The world got a glimpse into what went wrong with Donald Trump at a very young age this week that contributes to our understanding of his sociopathic personality. It came this week in his telephone conversation with a seven-year-old from South Carolina on Christmas Eve. Trump asked the child, “Are you still a believer in Santa, because at 7 it’s marginal, right?” According to Charleston Post and Courier, the girl replied, “Yes,” even though the response could not be heard by the press assembled with Trump at the Oval Office.

The girl was selected to receive the call because she was one of the children who called into NORAD’s annual Christmas Eve Santa Watch.

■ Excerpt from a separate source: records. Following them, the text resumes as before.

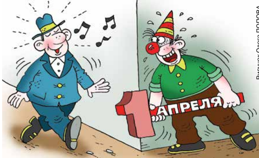
Рисунок Олега ПОПОВА

Ряд историков называют точную дату, когда был отпразднован первый день дурака. По их мнению, это произошло в 1564 году, после того как Карл IX, будучи королем Франции, приказал вести летоисчисление по григорианскому календарю, который заменил прежний – юлианский, сместив при этом Новый год на первое число января. Однако люди по старинке дарили подарки именно на первое апреля. При попытке властей как-то это запретить люди парировали эти старания шутками. Вот так наследие юлианского календаря превратило 1 апреля во всемирный День смеха.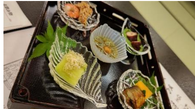
見た目も美しい膳菜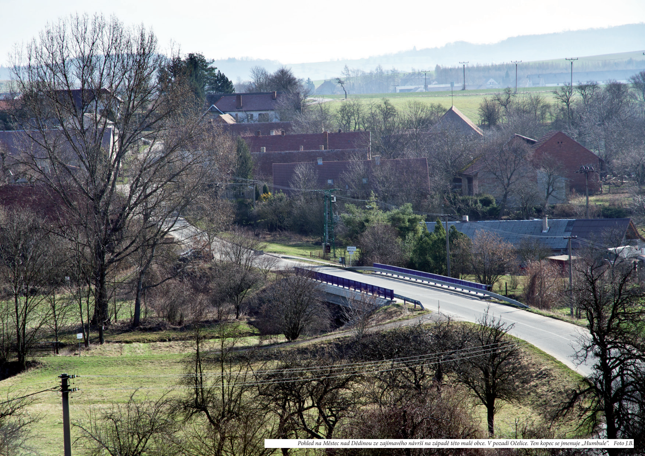
Pohled na Městec nad Dědinou ze zajímavého návrší na západě této malé obce. V pozadí Očelice. Ten kopec se jmenuje „Humbule“.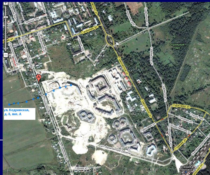
ул. Кедринская, д. 8, лит. А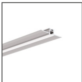
KOZEL-10 A01575 Ref. arch C1575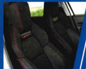
適度な硬さの足回りとホールド感抜群のシートで、機敏かつ快適な乗り心地。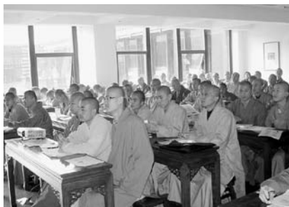
写真2 杭州佛学院大教室で講演を聴く学生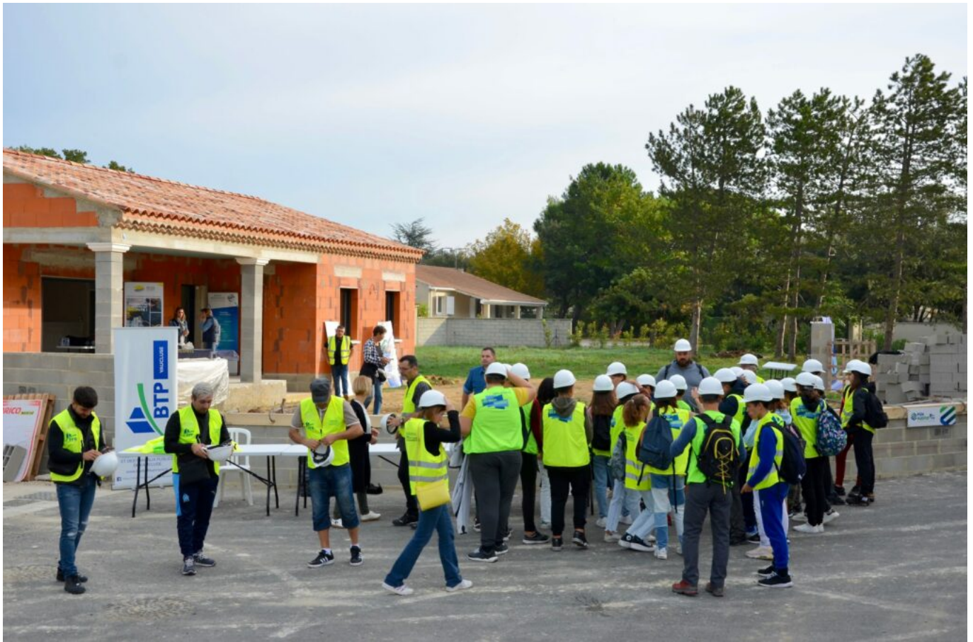
Les Coulisses du BTP à Orange sur un chantier du Groupement d'artisans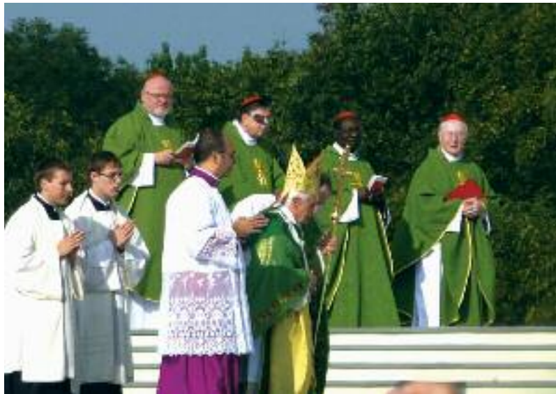
Einzug des Heiligen Vaters zur Messe in Freiburg.

Herausragend waren die Rede des Papstes vor dem Deutschen Bundestag, seine Ausführungen im Gespräch mit der EKD-Führung in Erfurt und die Ansprache im Freiburger Konzerthaus. „In deutscher Klarheit“, so überschreibt der römische Korrespon-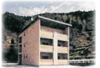
おおとよ製材社員寮 (高知県)

つくばCLT実験棟の本体が建ち上がるのにかかった日数が十日足らずとは驚きでした。建物の重量感と空気の優しさが際立っているのが印象に残りました。オリンピックの新国立競技場に使用される予定。環境に優しく高性能なCLT住宅が日本で広がることを期待しています。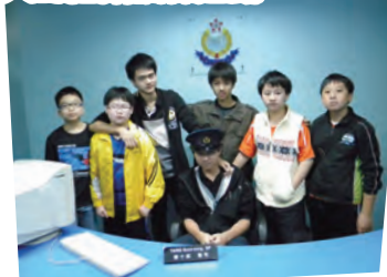
同學們站在片場中的警署，扮演警察。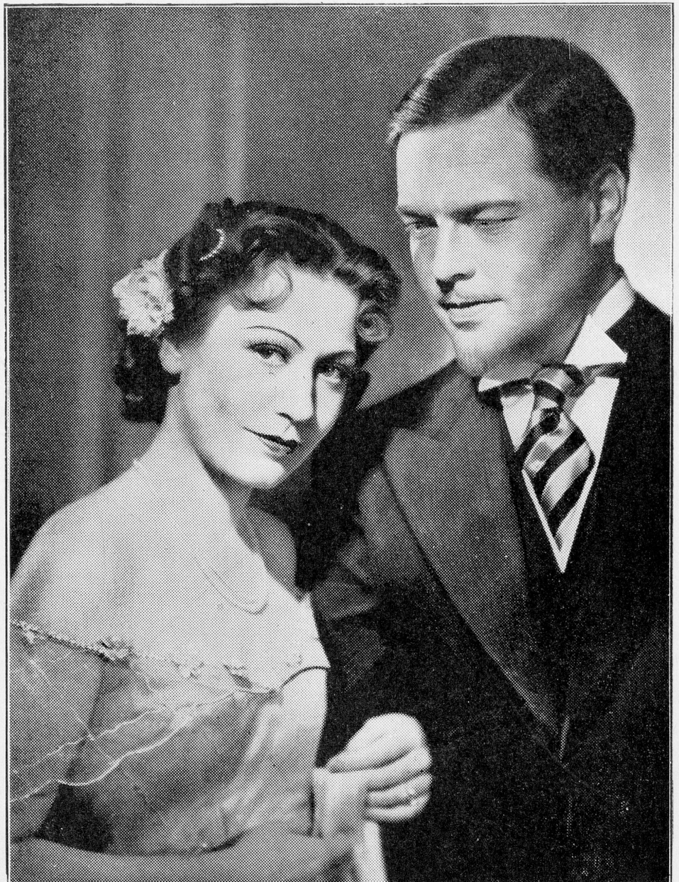
Heli Finkenzeller · Hans Brausewetter spielen die Hauptrollen im Ufaton- film „Mein Sohn, der Herr Minister“

She was roughly the same age as two migrant children who’ve died in U.S. custody this month.

Of course, the girl didn’t know what the word “marginal” meant, nor should she have. And for all we know, the president’s comment threw some serious confusion and doubt at the girl’s seasonal affirmations. Children tend to hang onto their beliefs in stories about Santa kinds of things because they reflect the warmth and magic of a time each year when people seem to be so much nicer to each other than usual.

Children are gladly willing to suspend any disbelief in the name of that special time, and by contrast to Trump’s cold water of disbelief, the most famous affirmation of that came in the famous 1897 editorial in the New York Sun written in response to a girl a year older than the one Trump talked to, entitled, “Yes, Virginia, There Is a Santa Claus.”

The editorial stated that in a skeptical age, “People think that nothing can be which is not comprehensible by their little minds.” But, it added, “All minds, Virginia, whether they be men’s or children’s, are little. In this great universe of ours man is a mere insect, an ant, in his intellect, as compared with the boundless world about him, as measured by the intelligence capable of grasping the whole of truth and knowledge. Yes, Virginia, there is a Santa Claus. He exists as certainly as love and generosity and devotion exist, and you know that they abound and give to your life its highest beauty and joy. Alas! how dreary would be the world if there were no Santa Claus. It would be as dreary as if there were no Virginias. There would be no childlike faith then, no poetry, no romance to make tolerable this existence. We should have no enjoyment, except in sense and sight. The eternal light with which childhood fills the world would be extinguished.”

It went on, “Only faith, fancy, poetry, love, romance, can…picture the supernal beauty and glory beyond. Is it all real? Ah, Virginia, in all this world there is nothing else real and abiding.”

Or, as friend put this season, “May you never be too grown up to search the skies on Christmas eve.”

When you search the skies earnestly in the spirit of the holidays, you may not see Santa per se, but you can see a vast universe smiling back at you.

Poor Donald Trump. One wonders whether he’s ever looked up higher than the top floor of one of his ghastly buildings. Clearly, he had the Santa beaten out of him at a very young age as anything but a materialistic marketing stunt.

There was no room for magic in his childhood, or to put it in another way, he simply had no childhood.

In my childhood home at Christmas, we had no fireplace, but that did not stop us from erecting a cardboard one and to place our stockings along with the obligatory glass of milk and plate of cookies on the big night each year.

I recall taking my younger brother to a Christmas pageant at the town hall in our tiny burg where the Santa was less than stellar. Walking home after, my brother began spewing disbelief in Santa. I remember how strongly I felt it was my duty to convince him of his error.

He must have thought me quite the fool to believe what I was telling him, but I didn’t mind.